What to produce –
Copy without pictures. Please restate each line of the listing exactly.

(Given information Opens)

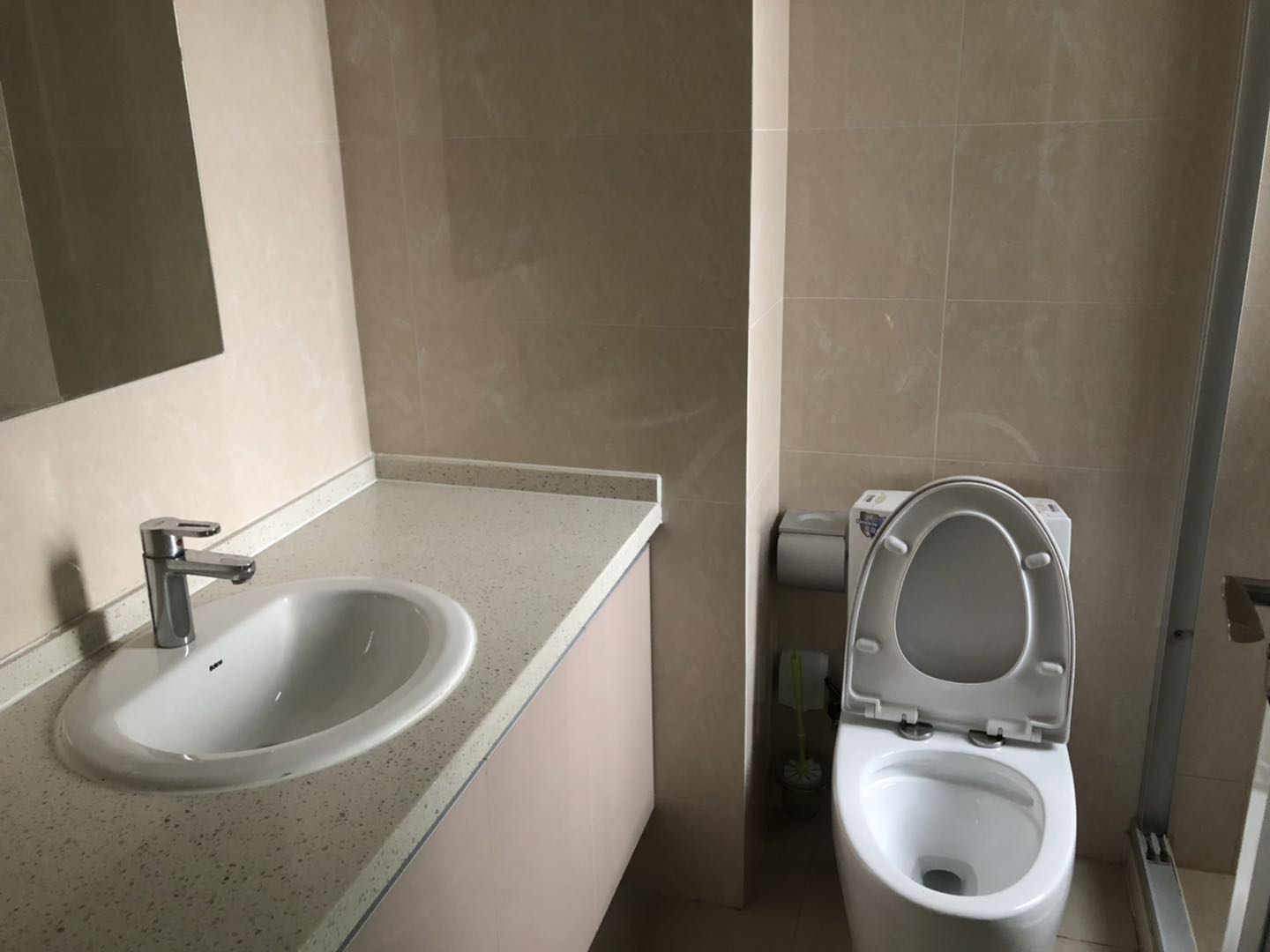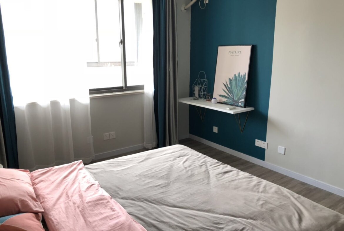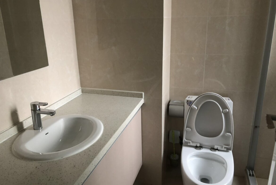 The primary bedroom accommodates a queen bed and wardrobes; the second room flexes as a guest space or a quiet study. In the bathroom, a full-sized bathtub is a rare Shanghai luxury for evening soaks. Fresh tiling, new fixtures, and well-placed lighting emphasize the clean, contemporary finish.
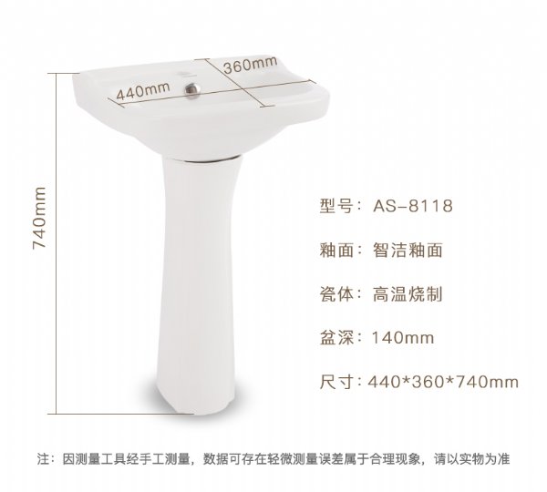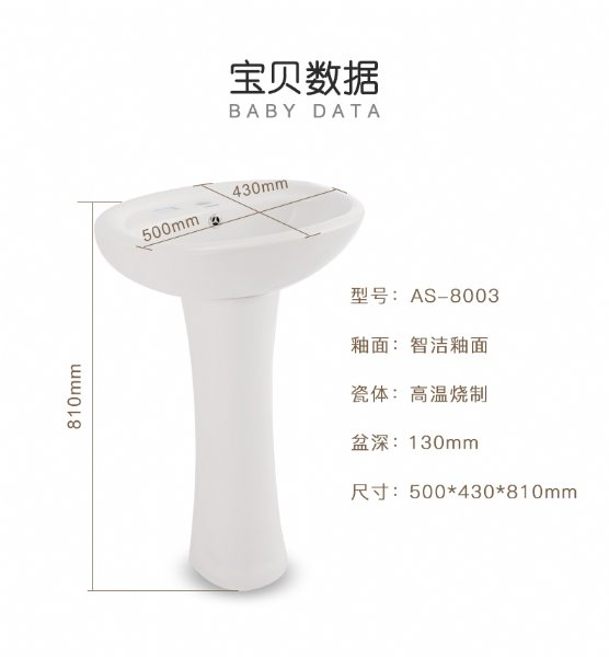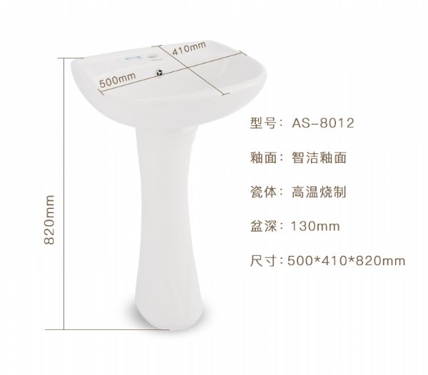 爱尚卫浴厂家直销陶瓷分体式单孔立柱盆
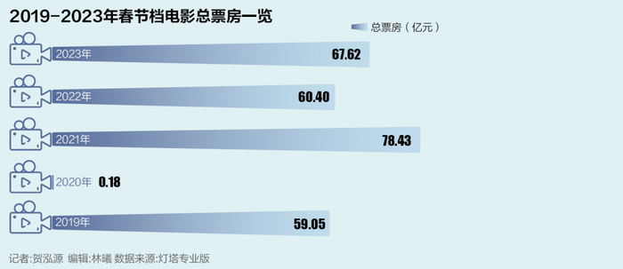 据国家电影局初步统计,2023年春节档电影票房为67.58亿元,同比增长.89%;观影人次为1.29亿,同比增长13.16%。

(Given information Closes)

Solution below –
 The primary bedroom accommodates a queen bed and wardrobes; the second room flexes as a guest space or a quiet study. In the bathroom, a full-sized bathtub is a rare Shanghai luxury for evening soaks. Fresh tiling, new fixtures, and well-placed lighting emphasize the clean, contemporary finish.
 爱尚卫浴厂家直销陶瓷分体式单孔立柱盆
 据国家电影局初步统计,2023年春节档电影票房为67.58亿元,同比增长.89%;观影人次为1.29亿,同比增长13.16%。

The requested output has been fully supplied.